Instructions to follow
Will you write out the data exactly, excluding every picture?

Provided data
• • •

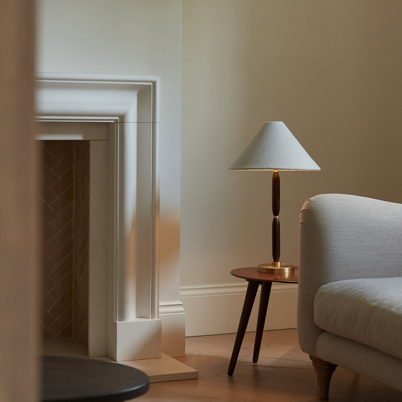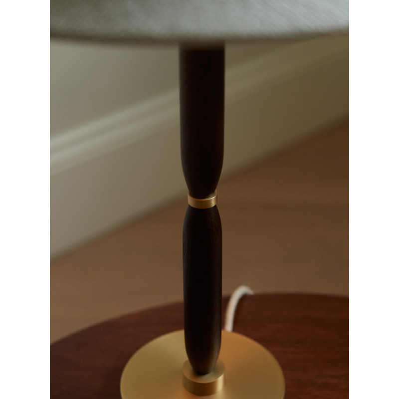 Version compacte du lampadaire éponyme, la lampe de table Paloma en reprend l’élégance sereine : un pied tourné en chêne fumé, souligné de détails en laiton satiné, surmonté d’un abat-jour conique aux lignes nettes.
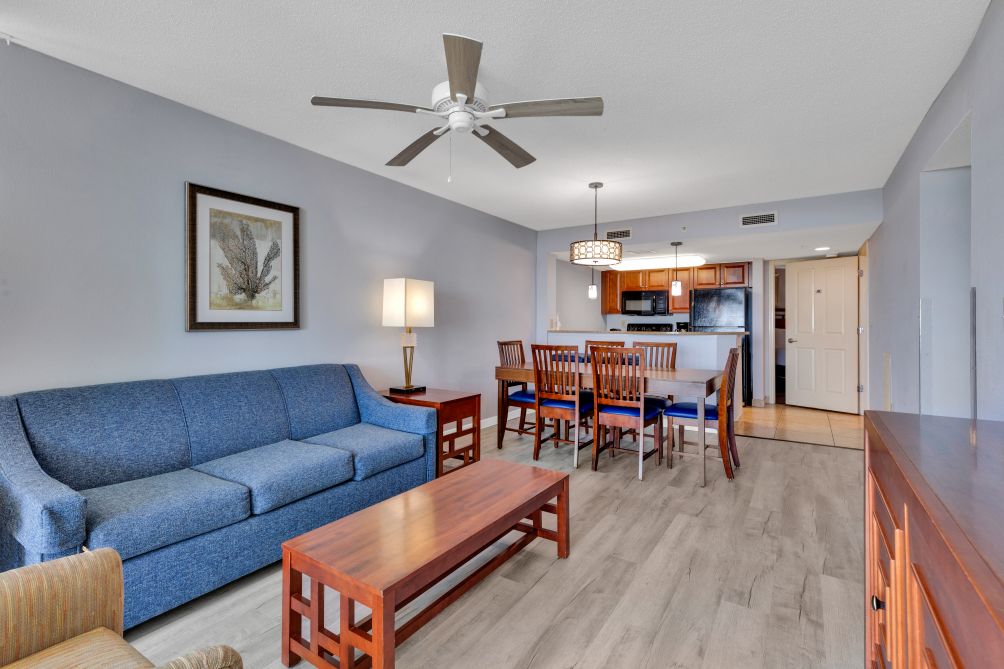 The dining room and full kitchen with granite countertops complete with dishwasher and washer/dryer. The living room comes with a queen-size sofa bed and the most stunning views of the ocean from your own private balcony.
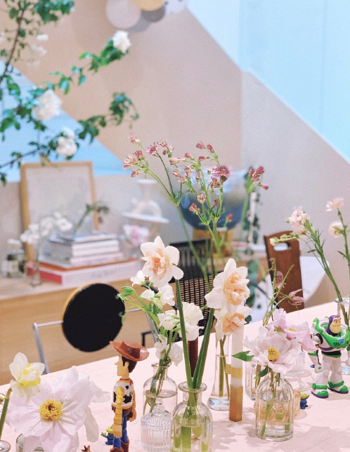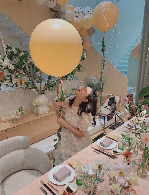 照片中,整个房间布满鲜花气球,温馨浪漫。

• • •

Result of this task
 Version compacte du lampadaire éponyme, la lampe de table Paloma en reprend l’élégance sereine : un pied tourné en chêne fumé, souligné de détails en laiton satiné, surmonté d’un abat-jour conique aux lignes nettes.
 The dining room and full kitchen with granite countertops complete with dishwasher and washer/dryer. The living room comes with a queen-size sofa bed and the most stunning views of the ocean from your own private balcony.
 照片中,整个房间布满鲜花气球,温馨浪漫。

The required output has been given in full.